Task for the records below: repeat the line containing "Enhanced asset management: Using" and every line after it, exactly and with nothing else, but leave out the pictures.

──────── Working data

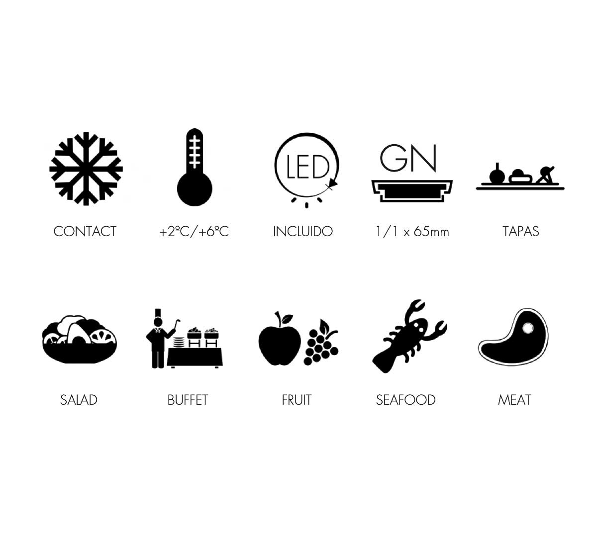 Esta vitrina refrigerada es perfecta para su uso en barras de tapas, buffets de ensaladas, expositores de mariscos, mostradores de fruta y zonas de autoservicio donde se requiera mantener los alimentos a temperatura controlada y en condiciones higiénicas óptimas.
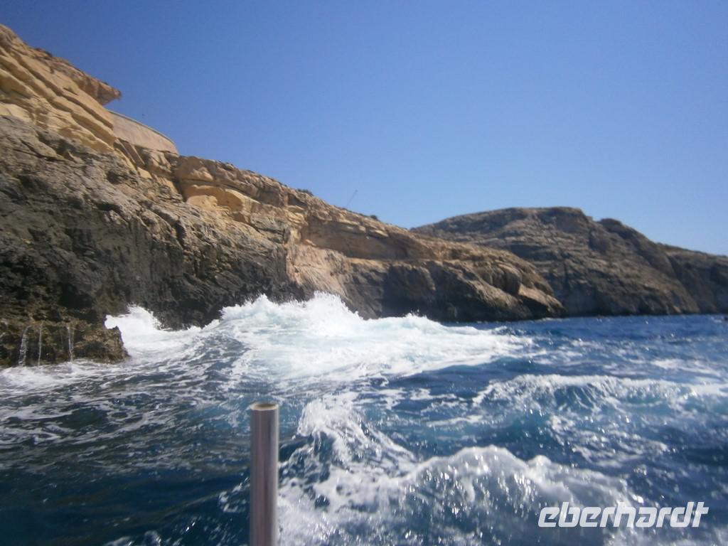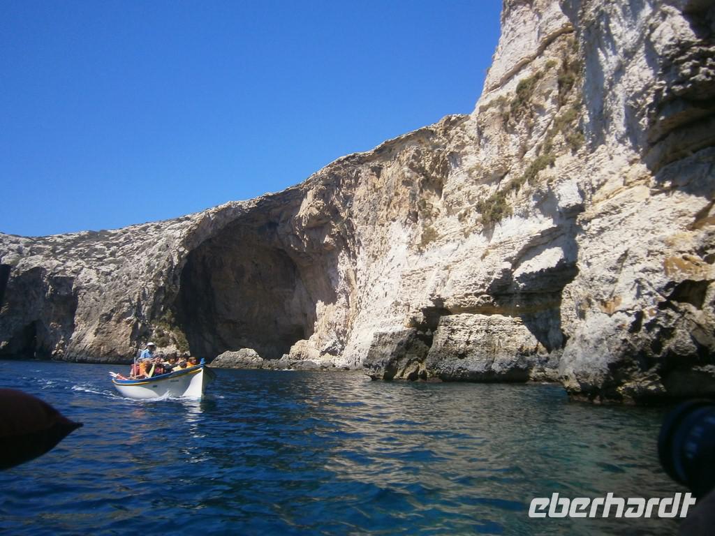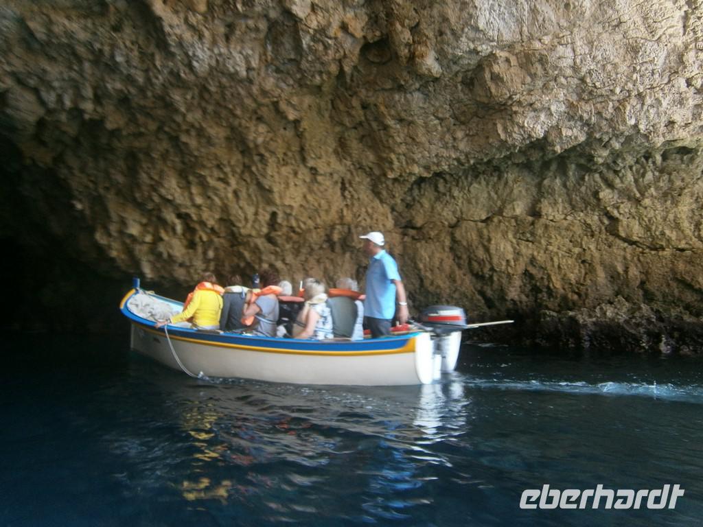 Dann bestaunten wir die Reste der Tempelanlagen. Es war beeindruckend, wie das damals entstanden ist.Weiter ging es zur blauen Grotte. Dort machten wir mit den kleinen Fischerbooten eine Fahrt durch die Grotte. Wir wurden zwar durchgeschüttelt, aber es war unglaublich schön.In Birzebbuga besuchten wir die Höhle Ghar Dalam, eine 144 Meter lange natürliche Höhle und das Museum wo unglaublich viele Tierknochen aufbewahrt werden.Im wunderschönen Fischerdorf Marsaxlokk verbrachten wir unsere Mittagspause. Die vielen farbenprächtigen Fischerboote, die am Bug mit Augen verziert sind, waren toll. Die vielen Restaurants luden zum Essen ein und durch die vielen Marktstände hier, verging die Zeit wie im fluge.Auf dem Heimweg hielten wir im Park und bei einem maltesischem Likör und maltesischem Nougat verabschiedeten wir uns.Leider vergingen die Tage rasend schnell.Wieder im Hotel trafen wir uns zum Abendessen.Wir verabschiedenten alle die noch einpaar Tage länger bleiben durften.
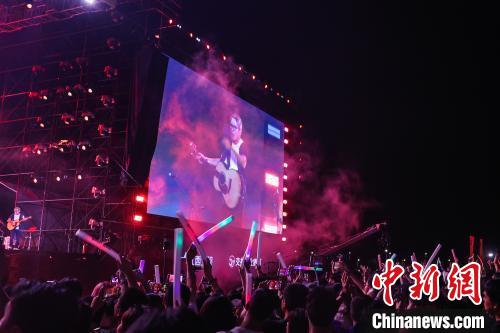 10月2日,江西南昌東湖區(qū),南昌星馳音樂節(jié)開幕。圖為羅大佑登臺(tái)獻(xiàn)唱,臺(tái)下眾多觀眾揮舞著熒光棒觀看演出。 記者 劉力鑫 攝
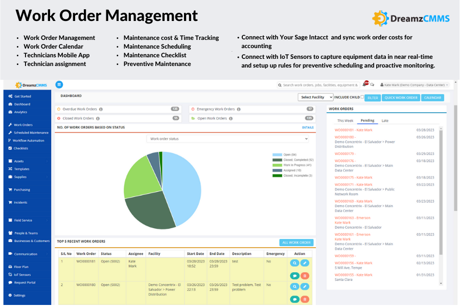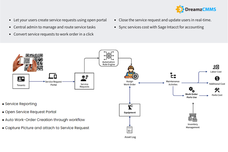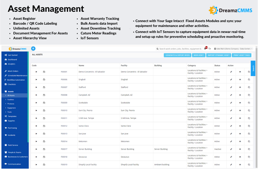 Enhanced asset management: Using DreamzCMMS Platform in Integration with Sage Intacct allows you to track the life cycle of your assets, from acquisition to disposal. This provides you with real-time visibility into your assets and helps you make data-driven decisions to extend their lifespan and maximize your ROI.
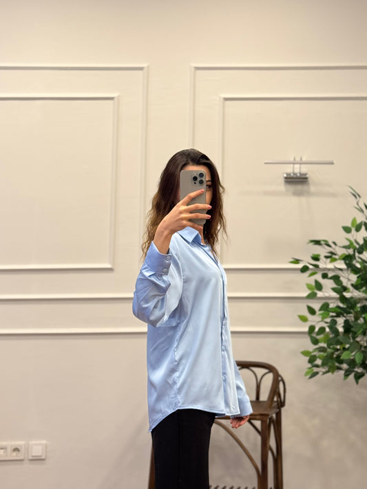 Saten Kumaş Geniş Kalıp Bebe Mavisi Gömlek

────────────────

Response to the task:
 Enhanced asset management: Using DreamzCMMS Platform in Integration with Sage Intacct allows you to track the life cycle of your assets, from acquisition to disposal. This provides you with real-time visibility into your assets and helps you make data-driven decisions to extend their lifespan and maximize your ROI.
 Saten Kumaş Geniş Kalıp Bebe Mavisi Gömlek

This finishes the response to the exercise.